まあ、予想通りとしか言えないな。純粋な格闘技能ではゴブ郎とゴブ吉に軍配が上がった。俺とゴブ美の戦いでは筋力では俺が勝っていたが、素早さと巧みさを利用した戦法でゴブ美が辛勝という結果であった。ゴブ江に勝てたのも、ゴブ郎とのパーティーに参加した期間と種族としての身体能力の差であった。
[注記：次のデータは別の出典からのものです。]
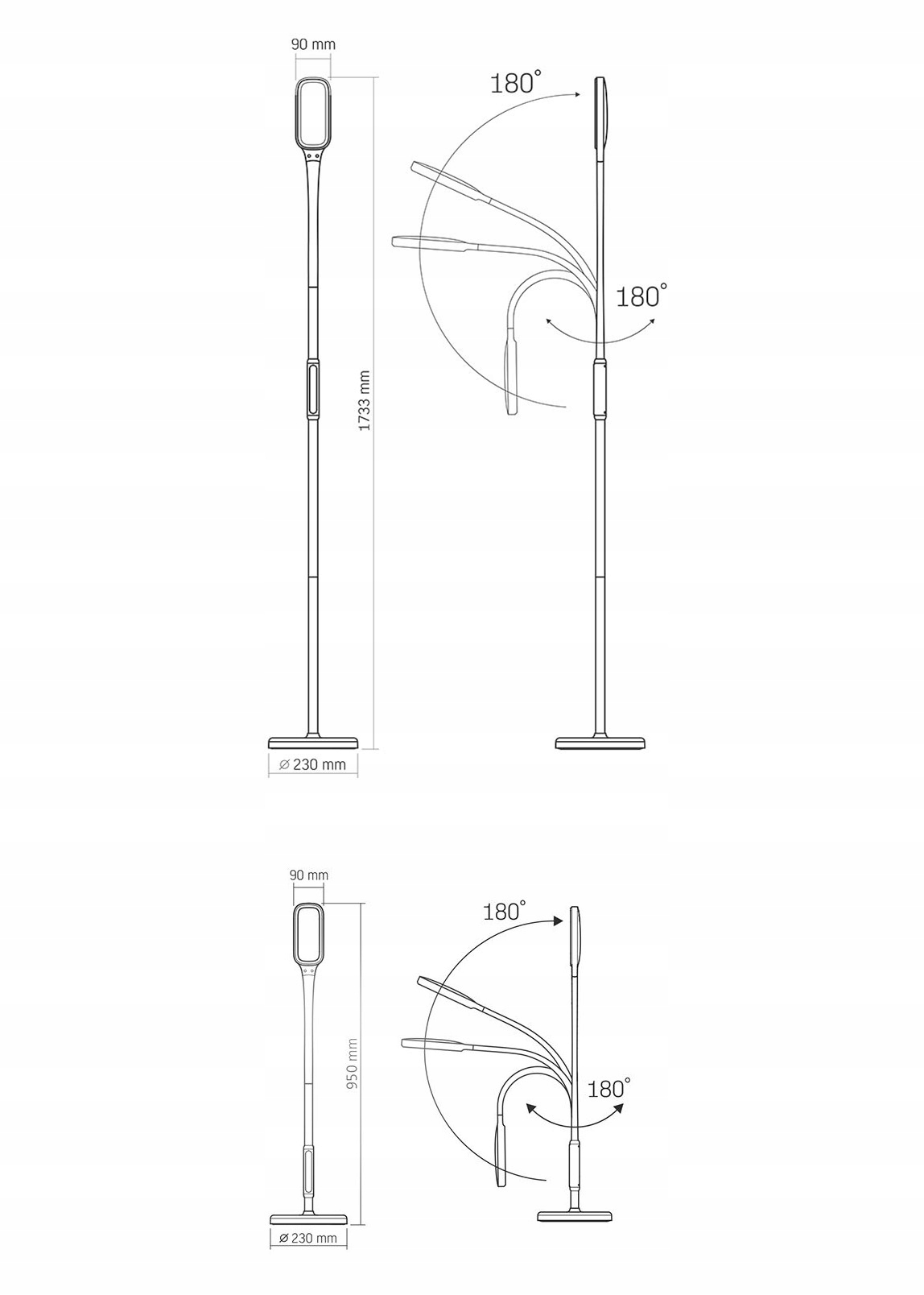 Dzięki składanej konstrukcji lampę podłogową można przekształcić w lampę stołową.

こうして思うと、既にゴブ郎は同期限定だが群れのボスとして居続けられているのだと思った。こうして上位に勝ち上がった面々は、五人長や十人長といった群れの士官的な立場に任命された。
二十四日目
いつものように訓練終了後に、いつものメンツで狩りに出かけた。今日は新しいモンスターに遭遇した。体長が七十センチもある大蜘蛛であった。そのモンスターの名はオニグモというらしい。地面に降り立っているのではなく、巣を張り巡らせていたので、ゴブ郎が作り出した炎で蜘蛛の巣ごと燃やして倒したのだが、ここであるトラブルが発生した。
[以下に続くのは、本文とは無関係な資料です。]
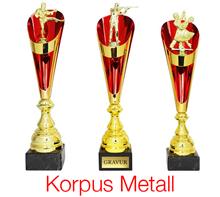 Metallkorpus Rot-Weiss-Rot bemalt, PVC-Rohre in Rot,Blau,Grün,Gold,Silber,Rainbow, schwarze Marmorsockel und plastische, goldene Figur. Viele Sportarten lieferbar.

蜘蛛の糸がおもいのほか、激しく燃えたので糸に貼りついている木に燃え移らないように少し苦労した。うん、流石に森で火事はやばいからな。そんなわけでこんがりと焼けたオニグモを食べたところ、エビのような味がして、意外と悪くない味であった。それからオニグモを何体か狩って美味しく頂きました。なお、オニグモを食ってからゴブ郎がオニグモのように糸を出すようになったが、これが意外にも頑丈であったのを記録しておく。こいつは本当にホブゴブリンなのかと疑問が生じる程に、日に日に規格外に成長しているよなと思ったのだった。
そしてしばらく散策を続けると、今度はオークを発見した。ゴブリンの時のオークと違い、装備は以前遭遇したオークとは比べ物にならないほど充実していた。数は六体程で、現状の戦力では戦うのは難しいと思った。そのあたりもゴブ郎が理解しているので、手は出さないで様子を見ようとオークの群れにばれないように尾行を続けた。
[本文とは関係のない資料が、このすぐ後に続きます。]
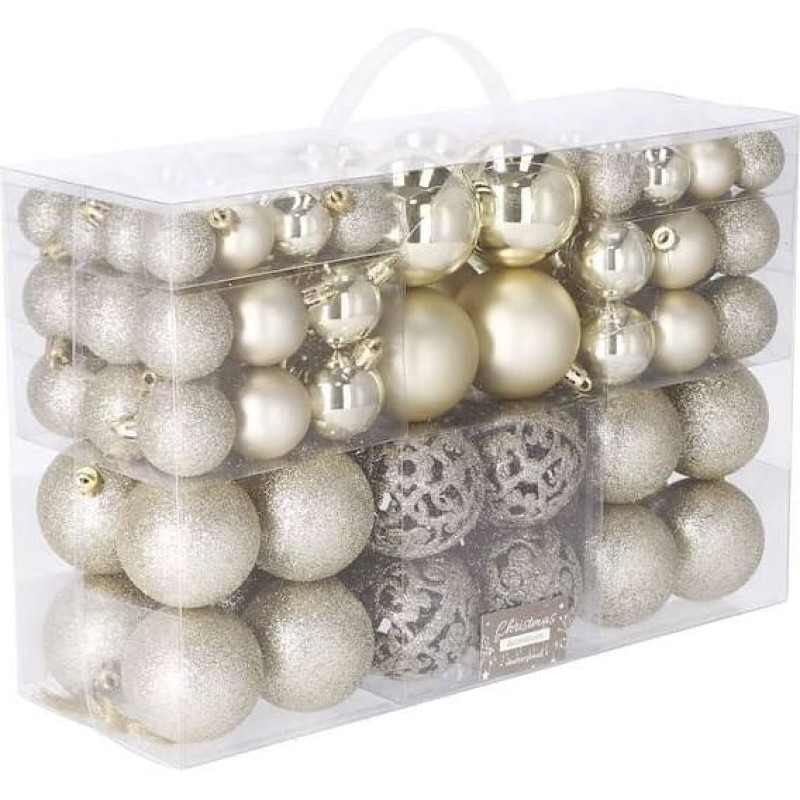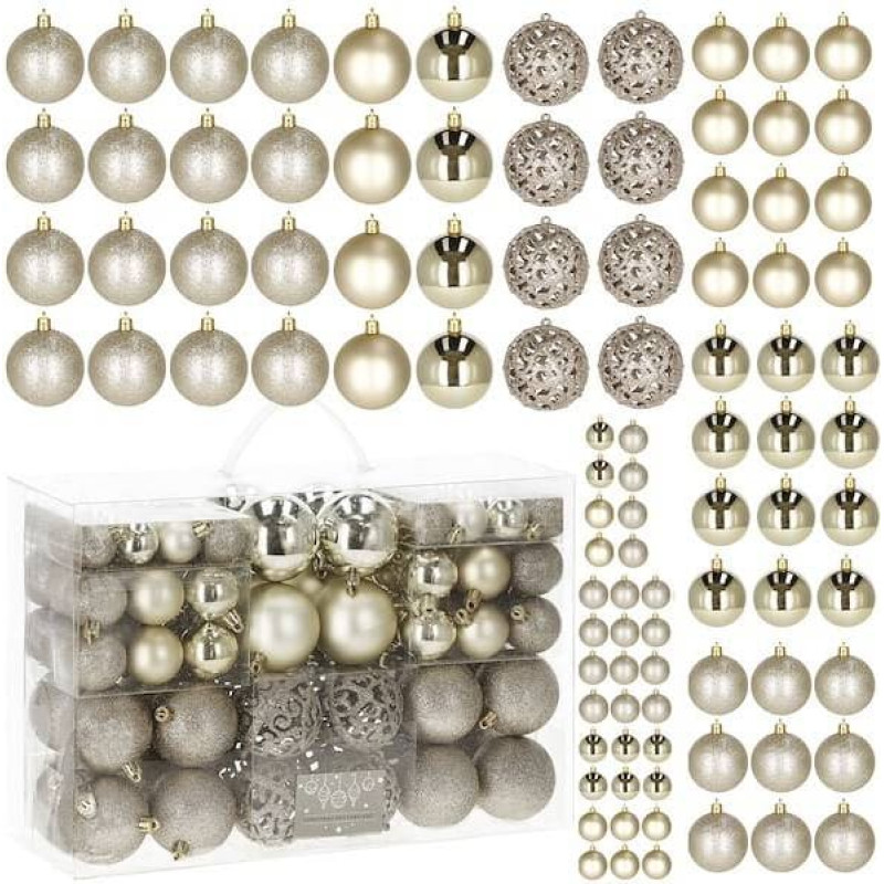 Parametrai: Prekinis ženklas: Springos Spalva: auksinė Medžiaga: plastikas Kiekis: 100 vnt Raštai: 4 skirtingi raštai Privalumai: nedūžtančios, NEMOKAMAI pakabinamos virvelės Į rinkinį įeina šie baubliai: 16x apvalus didelis (blizgučiai) – 6 cm 4x apvalus didelis (perlas) – 6 cm 4x apvalus didelis (matinis) – 6 cm 8x apvalus didelis (auksinis, ažūrinis) – 6 cm 12x apvalios vidutinės (blizgučiai) – 4 cm 12x apvali vidutinė (perlas) – 4 cm 12x apvalus vidutinis (matinis) – 4 cm 16x apvalus mažas (blizgučiai) – 3 cm 8x apvalus mažas (perlas) – 3 cm 8x apvalus mažas (matinis) – 3 cm

尾行して一時間くらいにオークの採掘所を発見した。外にいるのは数体ほどだが、中にいるオークの数は、俺達の倍以上はいるだろう。この戦力で戦っても返り討ちにあうので、オークの採掘所を発見した俺達は、もう用はないと判断して山を下りた。
その帰り道に俺達はオーク三体を発見。場所からみても、あの採掘所の群れの一員だと思う。ゴブ郎は、採掘所から離れているので援軍の心配もないと判断して攻撃を実行に移す。先ず狙撃組であるゴブ美とゴブ江のコンビで二体のオークの頭部を狙撃して絶命させ、残りの一体をゴブ郎が電撃で攻撃後にボウイナイフで頸動脈を切り付け倒した。
戦利品のピッケルやその他の持ち物を回収後に、俺達は安全圏までオークの死体を運んだ。安全地帯まで来た事を確認後に、オークの肉を食らうのだった。まあ、臭いは酷いが肉の味は相変わらず極上の豚肉であった。
二十五日目
既に御決まりとなった獲物であるナイトバイパーやヨロイタヌキを狩っていると、昨日に引き続き新たなモンスターに遭遇した。金属繊維のような頑丈な黒い毛皮を纏った狼であった。ゴブ郎は、この狼をブラックウルフと命名した。
そのブラックウルフをしばらく観察すると群れに数は16頭とかなりの数がいる。そして特徴的な一頭を発見する。ブラックウルフの二回りは大きいこいつは、ブラックウルフのボスだと思う。もし、この群れと正攻法の正面衝突を実行に移せば、確実にこっちは死人が出る程の被害を受けるだろう。だが、それは正攻法で攻撃した場合だ。俺達は、敵のアドバンテージを崩す為に、奇襲を選択する。
リーダー核のブラックウルフを、ゴブ美がゴブ郎が生成した猛毒つきの弓矢で狙撃。この攻撃でブラックウルフのリーダーは即死。突然に群れのリーダーを失ったブラックウルフは、統制を失い混乱を起こした。その混乱に乗じて俺達は、ブラックウルフの大勢が整う前に攻撃を開始する。連携すれば、脅威度が高いブラックウルフであったが、一頭の戦闘力は、そこまで高くはなかった。短弓でブラックウルフを撃ちぬいて、接近してからはロングソードでブラックウルフを叩き切る。流石に、ゴブ吉の怪力をもってしてもブラックウルフの金属繊維のような丈夫な毛皮を切る事は、出来なかったが、それでも叩き付けて絶命させる事は出来た。
そしてしばらくして、ブラックウルフを俺達は全滅させた。総数十六頭は、一頭も逃げ出す事も出来なったようだ。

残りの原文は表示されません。